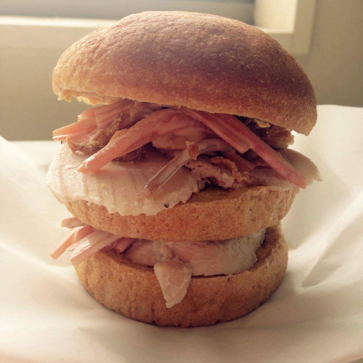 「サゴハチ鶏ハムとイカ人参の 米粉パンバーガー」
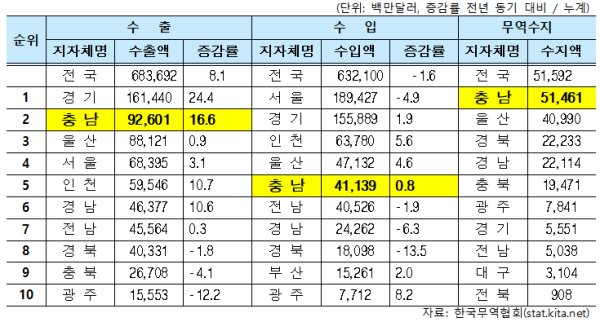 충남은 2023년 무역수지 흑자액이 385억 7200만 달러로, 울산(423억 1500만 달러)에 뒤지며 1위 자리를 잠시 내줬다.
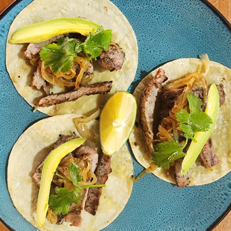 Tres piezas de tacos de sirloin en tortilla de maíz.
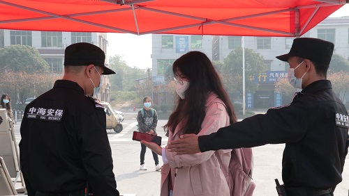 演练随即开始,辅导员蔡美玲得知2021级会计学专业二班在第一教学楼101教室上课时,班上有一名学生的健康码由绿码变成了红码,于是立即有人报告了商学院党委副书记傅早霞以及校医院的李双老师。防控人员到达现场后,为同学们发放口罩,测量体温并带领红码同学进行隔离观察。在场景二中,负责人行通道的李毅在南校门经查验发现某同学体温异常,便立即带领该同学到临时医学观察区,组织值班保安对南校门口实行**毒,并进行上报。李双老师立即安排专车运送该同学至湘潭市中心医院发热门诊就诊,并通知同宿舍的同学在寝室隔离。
■ ■ ■ ■ ■ ■ ■
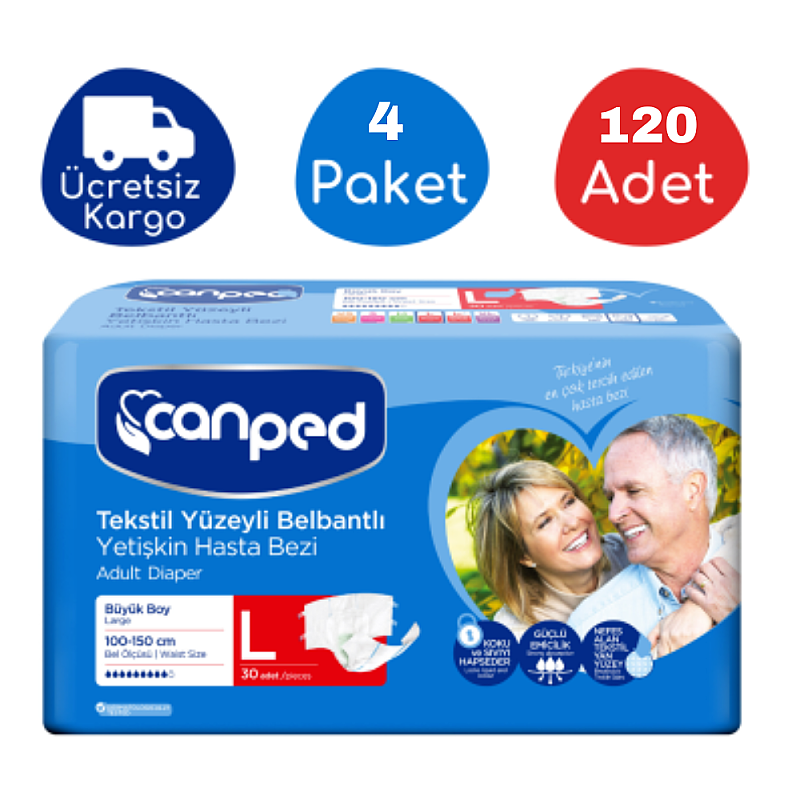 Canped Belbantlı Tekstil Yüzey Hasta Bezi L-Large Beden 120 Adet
■ ■ ■ ■ ■ ■ ■
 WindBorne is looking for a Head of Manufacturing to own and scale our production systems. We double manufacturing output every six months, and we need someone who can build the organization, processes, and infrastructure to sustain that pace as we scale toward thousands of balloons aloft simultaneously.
■ ■ ■ ■ ■ ■ ■
**Assignment**
In the entries above, find the line that contains "Tres piezas de" and the line that contains "演练随即开始,辅导员蔡美玲得". Reproduce exactly those two lines and every line between them, but not the pictures.

**Answer section**
 Tres piezas de tacos de sirloin en tortilla de maíz.
 演练随即开始,辅导员蔡美玲得知2021级会计学专业二班在第一教学楼101教室上课时,班上有一名学生的健康码由绿码变成了红码,于是立即有人报告了商学院党委副书记傅早霞以及校医院的李双老师。防控人员到达现场后,为同学们发放口罩,测量体温并带领红码同学进行隔离观察。在场景二中,负责人行通道的李毅在南校门经查验发现某同学体温异常,便立即带领该同学到临时医学观察区,组织值班保安对南校门口实行**毒,并进行上报。李双老师立即安排专车运送该同学至湘潭市中心医院发热门诊就诊,并通知同宿舍的同学在寝室隔离。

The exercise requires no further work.